Partnering between market and state
Worldwide, governments are seeking to soften the blow with a raft of relief measures. In Denmark, for example, a number of liquidity schemes for exporters have been rolled out under EKF, and more recently a DKK 30-billion insurance scheme was launched whereby EKF supports the private trade credit insurers' coverage of B2B domestic and export trade.
Other countries are offering similar schemes, and that also benefits Denmark. Up to 90 percent of the import credits to Danish companies that would usually be insured by the private market are currently covered by various government schemes.
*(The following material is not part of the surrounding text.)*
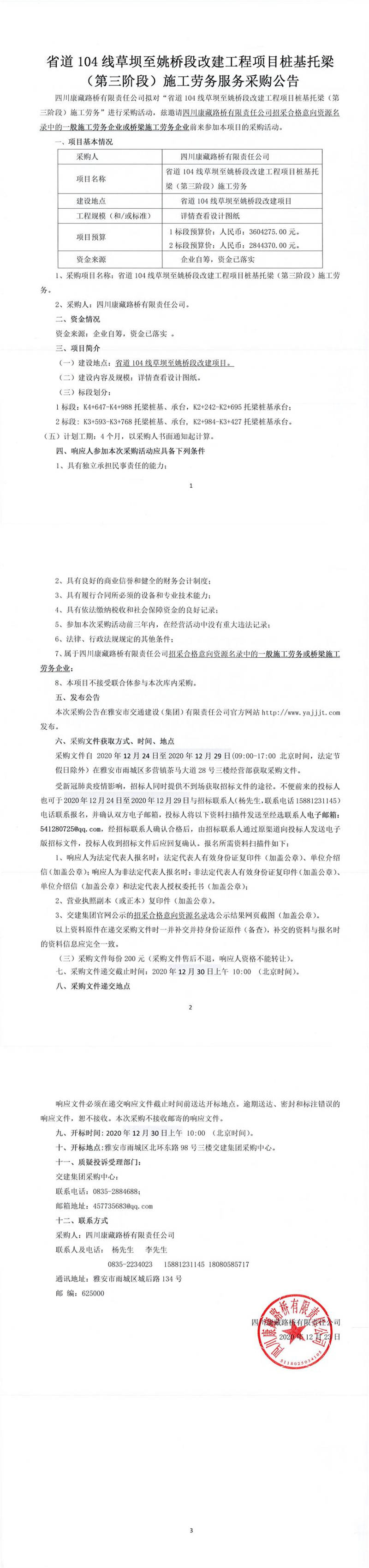 四川康藏路橋有限責(zé)任公司省道104線草壩至姚橋段改建工程項(xiàng)目樁基托梁(第三階段)施工勞務(wù)服務(wù)采購(gòu)公告

That says something about the depth of the crisis.
But it is also a tacit comment on the ideological trench war of state versus market in which never the twain shall supposedly meet. In 2018 – a ‘normal’ year – national export agencies underwrote new guarantees and loans worth some USD 150 billion globally, the lion's share of which favoured private sector project funding. In the coming years, that figure may rise as the private-sector operators become more risk averse, as was the case post-2008.
In situations like this, it would be ill-advised to create new governmental organisations that are unlikely to dissolve themselves once the crisis is over. In 2009, the Danish short-term credits model was highly regarded among private trade credit insurers because EKF backed them with reinsurance, which it then allowed to lapse as their own capacity recovered. Let's build on those positive experiences from the past.